[Source data]

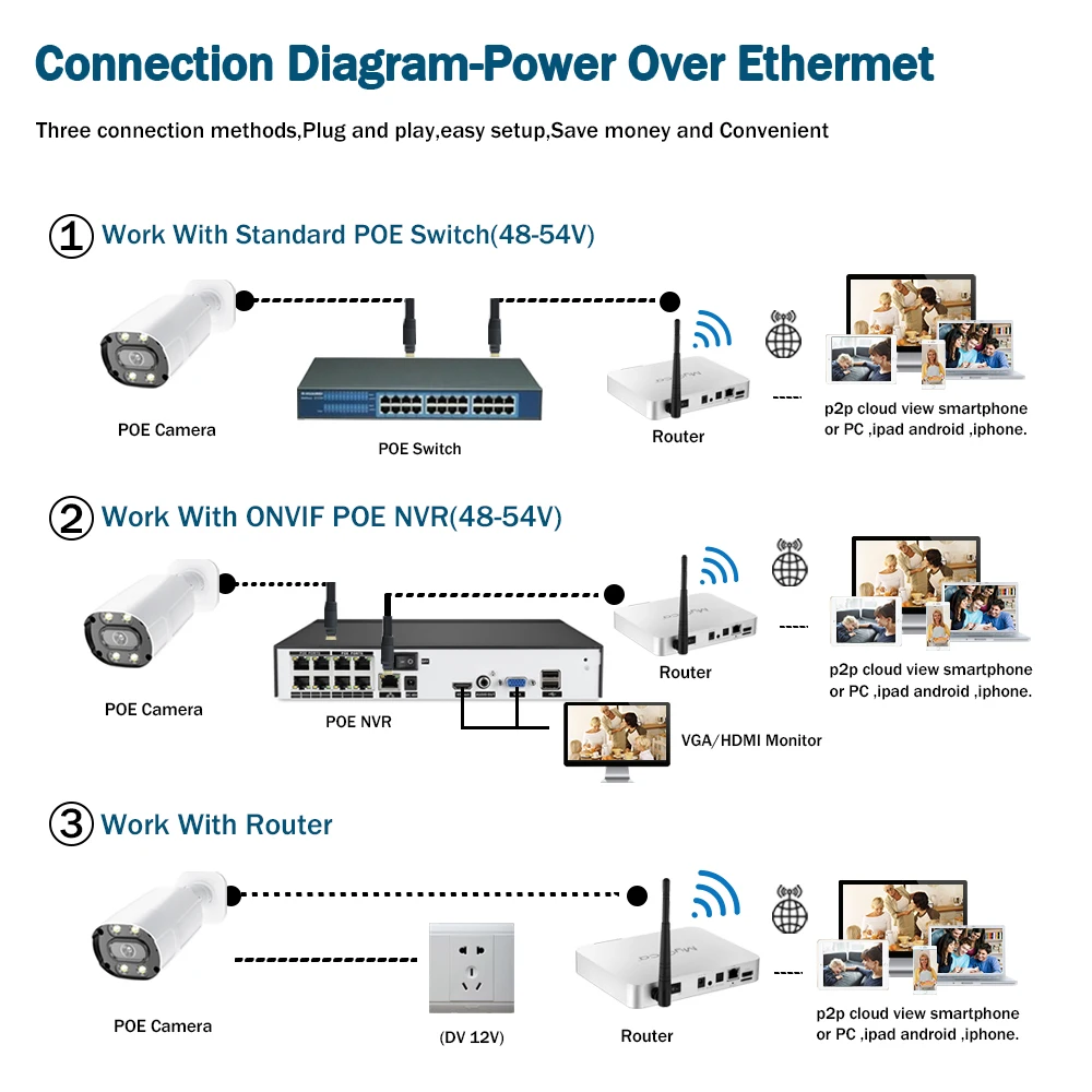 Не нужны дополнительные силовые кабели, адаптеры или переключатель. Подключи и играй и простая настройка.Экономия денег и удобство, POE NVR = переключатель NVR + POE.
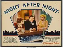 Night After Night is a 1932 American pre-Code drama film starring George Raft, Constance Cummings, and Mae West in her first movie role. Others in the cast include Wynne Gibson, Alison Skipworth, Roscoe Karns, Louis Calhern, and Bradley Page. Directed by Archie Mayo, it was adapted for the screen by Vincent Lawrence and Kathryn Scola, based on the Cosmopolitan magazine story Single Night by Louis Bromfield, with West allowed to contribute to her lines of dialogue.
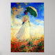 Poster featuring Claude Monet’s wife, Camille, holding a green parasol while her blue veil is blown by the wind in a green and golden field. A great Monet gift for fans of impressionism and French art.
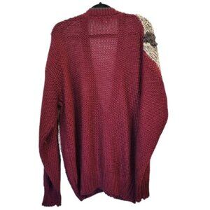Vintage Sears 80's Hand Knit Chunky Knit Oversized Cardigan Sweater Red Gray
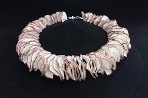 2020Collier gemaakt van porselein, geinspireerd door de onderkant van een padestoel de lamellen waar de sporen zitten. Afgewerkt met een ijzeroxide.
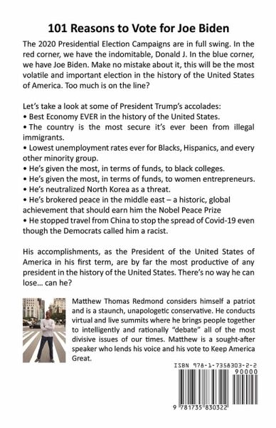 The 2020 Presidential Election Campaigns are in full swing. In the red corner, we have the indomitable, Donald J. In the blue corner, we have Joe Biden. Make no mistake about it, this will be the most volatile and important election in the history of the United States of America. Too much is on the line? Let's take a look at some of President Trump's accolades: · Best Economy EVER in the history of the United States. · The country is the most secure it's ever been from illegal immigrants. · Lowest unemployment rates ever for Blacks, Hispanics, and every other minority group. · He's given the most, in terms of funds, to black colleges. · He's given the most, in terms of funds, to women entrepreneurs. · He's neutralized North Korea as a threat. · He's brokered peace in the middle east - a historic, global achievement that should earn him the Nobel Peace Prize · He stopped travel from China to stop the spread of Covid-19 even though the Democrats called him a racist. His accomplishments, as the President of the United States of America in his first term, are by far the most productive of any president in the history of the United States. There's no way he can lose... can he?
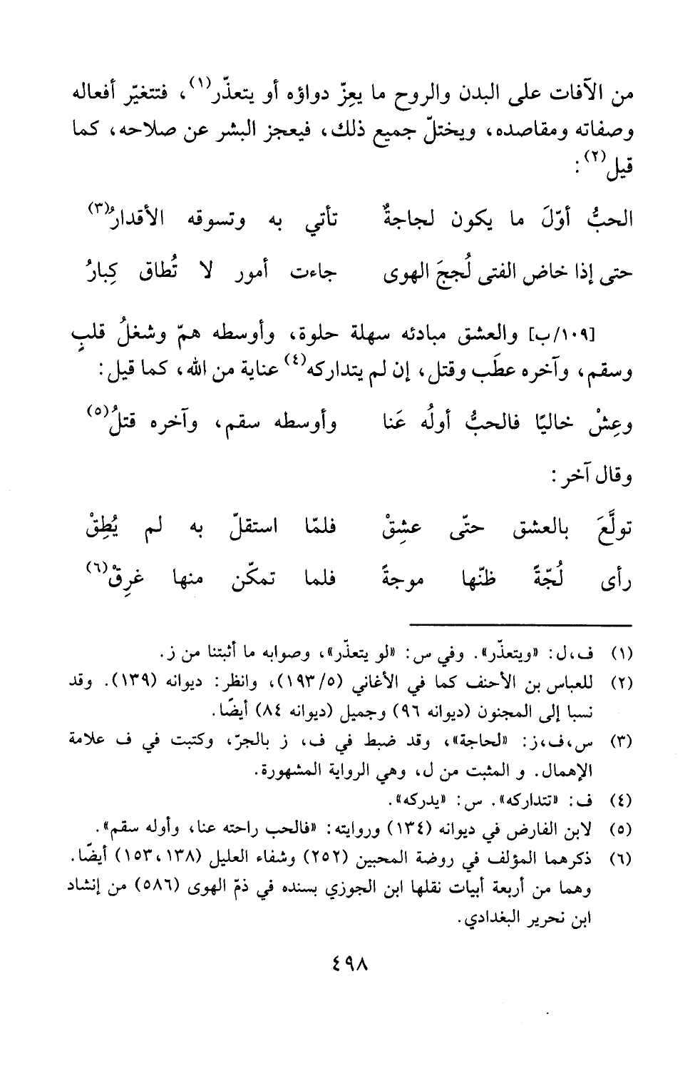 [109/ ب] والعشق مبادئه سهلة حلوة، وأوسطه همّ وشغلُ قلبِ وسقم، وآخره عطَب وقتل، إن لم يتداركه (¬4) عناية من الله، كما قيل:

[/Source data]

## [Work request]
Copy the data in full. No pictures belong in the copy.

## [Written response]
 Не нужны дополнительные силовые кабели, адаптеры или переключатель. Подключи и играй и простая настройка.Экономия денег и удобство, POE NVR = переключатель NVR + POE.
 Night After Night is a 1932 American pre-Code drama film starring George Raft, Constance Cummings, and Mae West in her first movie role. Others in the cast include Wynne Gibson, Alison Skipworth, Roscoe Karns, Louis Calhern, and Bradley Page. Directed by Archie Mayo, it was adapted for the screen by Vincent Lawrence and Kathryn Scola, based on the Cosmopolitan magazine story Single Night by Louis Bromfield, with West allowed to contribute to her lines of dialogue.
 Poster featuring Claude Monet’s wife, Camille, holding a green parasol while her blue veil is blown by the wind in a green and golden field. A great Monet gift for fans of impressionism and French art.
Vintage Sears 80's Hand Knit Chunky Knit Oversized Cardigan Sweater Red Gray
 2020Collier gemaakt van porselein, geinspireerd door de onderkant van een padestoel de lamellen waar de sporen zitten. Afgewerkt met een ijzeroxide.
 The 2020 Presidential Election Campaigns are in full swing. In the red corner, we have the indomitable, Donald J. In the blue corner, we have Joe Biden. Make no mistake about it, this will be the most volatile and important election in the history of the United States of America. Too much is on the line? Let's take a look at some of President Trump's accolades: · Best Economy EVER in the history of the United States. · The country is the most secure it's ever been from illegal immigrants. · Lowest unemployment rates ever for Blacks, Hispanics, and every other minority group. · He's given the most, in terms of funds, to black colleges. · He's given the most, in terms of funds, to women entrepreneurs. · He's neutralized North Korea as a threat. · He's brokered peace in the middle east - a historic, global achievement that should earn him the Nobel Peace Prize · He stopped travel from China to stop the spread of Covid-19 even though the Democrats called him a racist. His accomplishments, as the President of the United States of America in his first term, are by far the most productive of any president in the history of the United States. There's no way he can lose... can he?
 [109/ ب] والعشق مبادئه سهلة حلوة، وأوسطه همّ وشغلُ قلبِ وسقم، وآخره عطَب وقتل، إن لم يتداركه (¬4) عناية من الله، كما قيل:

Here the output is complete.